■ WHAT TO WORK ON ■
Your task is to restate the listing word for word without the pictures.

■ STORED DATA ■
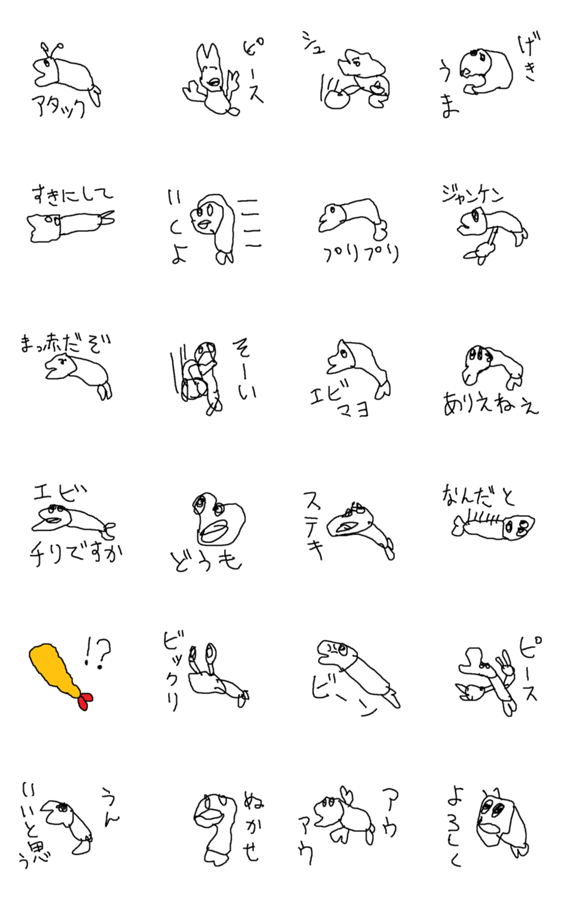 みんな大好きエビやろうがスタンプになったよ プリプリで美味しいです 茹でると赤くなるのは照れているからさ
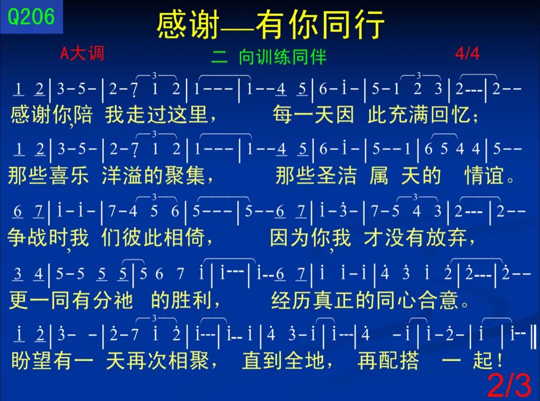 2.感谢你,陪我走过这里,每一天因此充满回忆:那些喜乐洋溢的聚集,那些圣洁属天的情谊。争战时,我们彼此相倚,因为你,我才没有放弃,更一同有分祂的胜利,经历真正的同心合意。盼望有一天再次相聚,直到全地,再配搭一起!
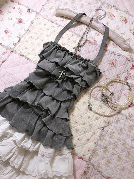 College Beige Shirt Vest Half Cake Three-piece Suit
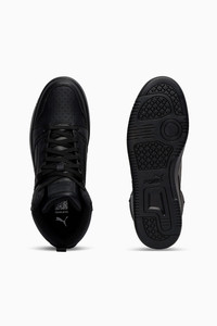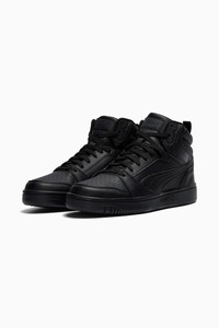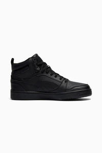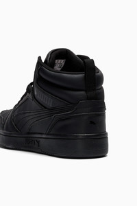 PRODUCT STORY Injecting PUMA DNA with a retro inspiration to this new basketball era, the Rebound sneakers don a wear-resistant upper, high-top construction and a soft sockliner for suprior cushioning that way you can attack your day-to-day in comfort and style. FEATURES & BENEFITS - The upper of this shoe is made with at least 20% recycled materials and the bottom is made with at least 10% recycled materials, as a step toward a better future - SOFTFOAM+: Step-in comfort sockliner designed to provide soft cushioning thanks to its extra thick heel DETAILS - Style: 392326_51 - Color: PUMA Black-PUMA Black-PUMA Black - Mid boot - Synthetic upper - SOFTFOAM+ sockliner - Rubber midsole - Rubber outsole

■ SOLUTION ■
 みんな大好きエビやろうがスタンプになったよ プリプリで美味しいです 茹でると赤くなるのは照れているからさ
 2.感谢你,陪我走过这里,每一天因此充满回忆:那些喜乐洋溢的聚集,那些圣洁属天的情谊。争战时,我们彼此相倚,因为你,我才没有放弃,更一同有分祂的胜利,经历真正的同心合意。盼望有一天再次相聚,直到全地,再配搭一起!
 College Beige Shirt Vest Half Cake Three-piece Suit
 PRODUCT STORY Injecting PUMA DNA with a retro inspiration to this new basketball era, the Rebound sneakers don a wear-resistant upper, high-top construction and a soft sockliner for suprior cushioning that way you can attack your day-to-day in comfort and style. FEATURES & BENEFITS - The upper of this shoe is made with at least 20% recycled materials and the bottom is made with at least 10% recycled materials, as a step toward a better future - SOFTFOAM+: Step-in comfort sockliner designed to provide soft cushioning thanks to its extra thick heel DETAILS - Style: 392326_51 - Color: PUMA Black-PUMA Black-PUMA Black - Mid boot - Synthetic upper - SOFTFOAM+ sockliner - Rubber midsole - Rubber outsole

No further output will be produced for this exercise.